Well it's hard too believe for sure but the Fed's for the first time ever seem to be letting the market go where it wants to go and isn't going to interfere with it. They plan to do 3 more rate hikes in 2019 and aren't planning on any new QE programs. Therefore it's looking more and more likely that we'll see more selling the market in the coming days with a crash still planned for the near future. We could see a bounce today back up to 257.56 on the SPY as there's an afterhours "possible" FP there. If it's a real FP and we do hit it, I'd short the farm on it as I really think this is going to drop like 1987 soon and it could happen this coming Monday.
We'd need to see today close down lower then yesterday I believe to be on track for another Black Monday. It appears we are in some wave 3 of 3 of 3 of C down and any bounce up will just be some wave 2 of some degree I think. If it plays out like 1987 then Friday will be super ugly and Monday will be the crash day. Catching a crash is very, very hard as the timing of is nearly impossible.
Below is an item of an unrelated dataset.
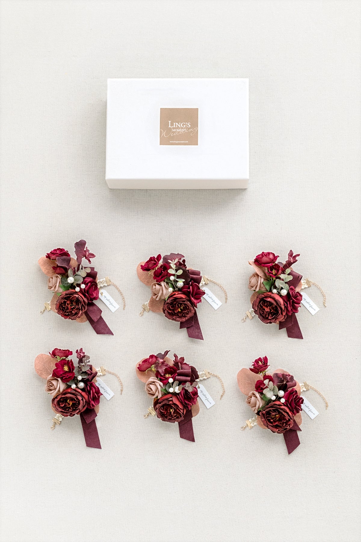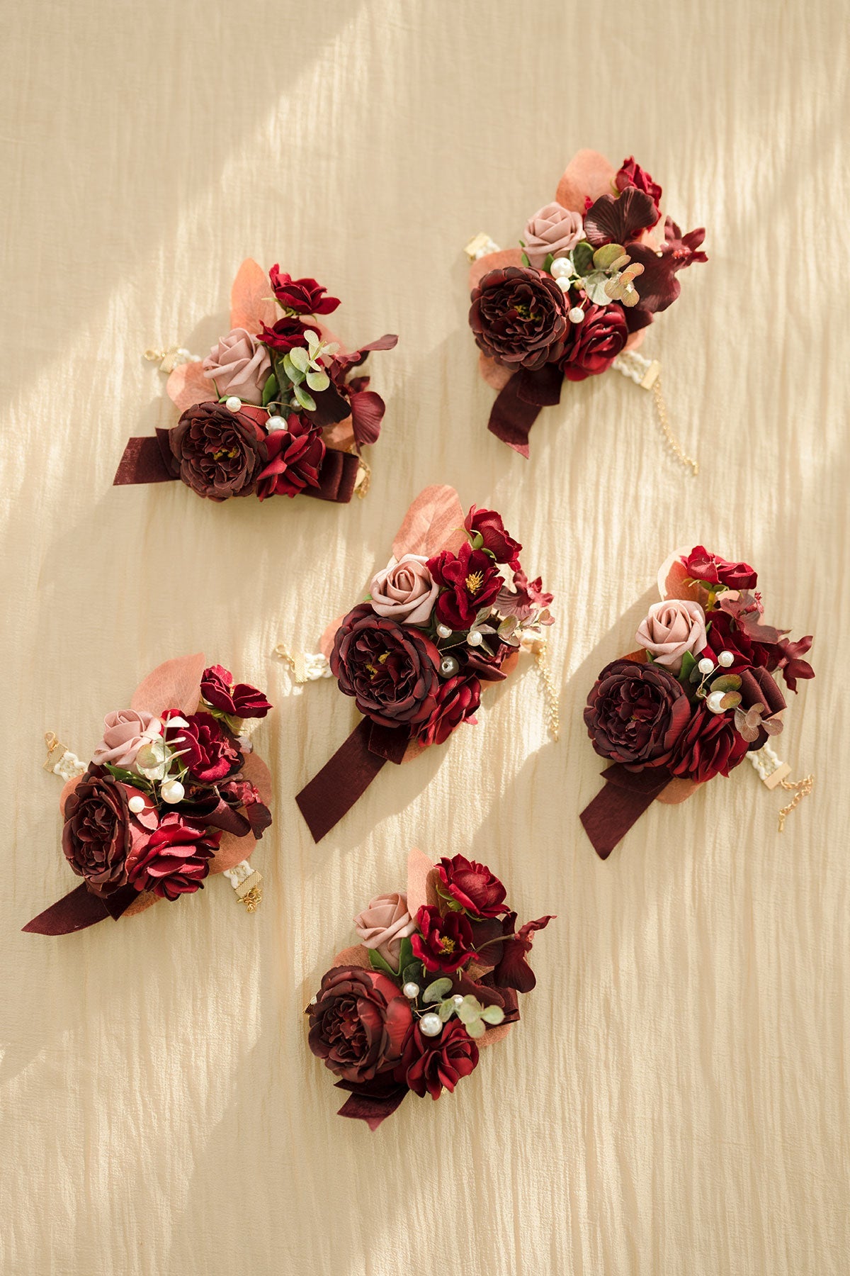 The elegant wrist corsages are made up of burgundy silk Austin rose . burgundy silk camellia . burgundy phalaenopsis . dusty rose foam rose bud . accented with pearl floral pick . dusty rose eucalyptus leaves . etc.

Most traders get shaken out of their shorts with squeezes right before the biggest wave down happens.
Fortunately this "possible" FP will just give me another great entry to short at... if it happens today? The bulls had better NOT hit that FP early in the day as it's a "Bull Trap" for them I'm afraid. And they had better not drop below the low from yesterday or risk some serious pain to the downside. The only hope I see for the bulls is to go up some early, then back down midday and back up late into the day (an ABC up pattern) to close at that "possible" FP level as then they might stand a chance at getting some kind of bear squeeze started on Friday.
The A wave up then B down is to lure in some bears to shorting again... then the C up is the squeeze on those bears. A straight up "one wave" move early in the day (to that FP) will not trap many bears and just exhaust the bulls... not a good move at all by them. I'll be shorting hard if that happens. Best of luck to everyone.